*What this task involves*: Please take the lines from the one holding "Villa con piscina" through the one holding "ピーク時に7日移動平均で1日" in the data below and copy them exactly.

-- Data in this exercise follows --

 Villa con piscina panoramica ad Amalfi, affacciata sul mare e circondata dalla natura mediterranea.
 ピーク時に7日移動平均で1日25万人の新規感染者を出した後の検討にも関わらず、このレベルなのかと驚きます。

-- Data in this exercise concluded --
-- Data in this exercise follows --

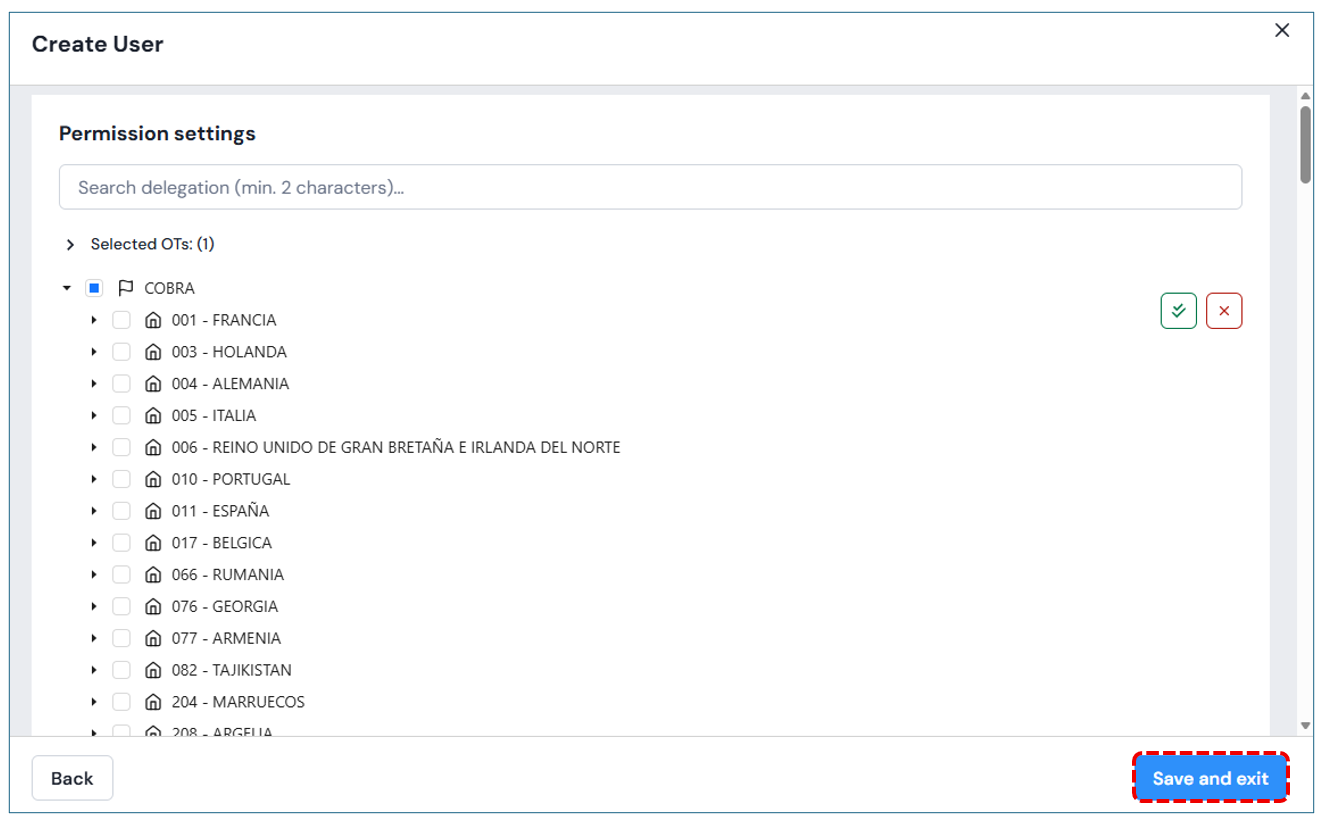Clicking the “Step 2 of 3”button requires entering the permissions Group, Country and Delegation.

-- Data in this exercise concluded --
-- Data in this exercise follows --

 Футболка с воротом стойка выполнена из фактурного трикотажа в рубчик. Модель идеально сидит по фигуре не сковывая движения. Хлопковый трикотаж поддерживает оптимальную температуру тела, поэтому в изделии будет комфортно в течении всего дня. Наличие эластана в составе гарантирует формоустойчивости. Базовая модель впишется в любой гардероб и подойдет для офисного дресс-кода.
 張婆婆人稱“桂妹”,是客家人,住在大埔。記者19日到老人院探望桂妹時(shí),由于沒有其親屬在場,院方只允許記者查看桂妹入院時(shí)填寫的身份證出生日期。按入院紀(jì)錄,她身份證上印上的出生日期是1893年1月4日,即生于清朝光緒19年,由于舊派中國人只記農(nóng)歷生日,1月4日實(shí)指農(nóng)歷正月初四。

-- Data in this exercise concluded --

*Solution for this exercise*:
 Villa con piscina panoramica ad Amalfi, affacciata sul mare e circondata dalla natura mediterranea.
 ピーク時に7日移動平均で1日25万人の新規感染者を出した後の検討にも関わらず、このレベルなのかと驚きます。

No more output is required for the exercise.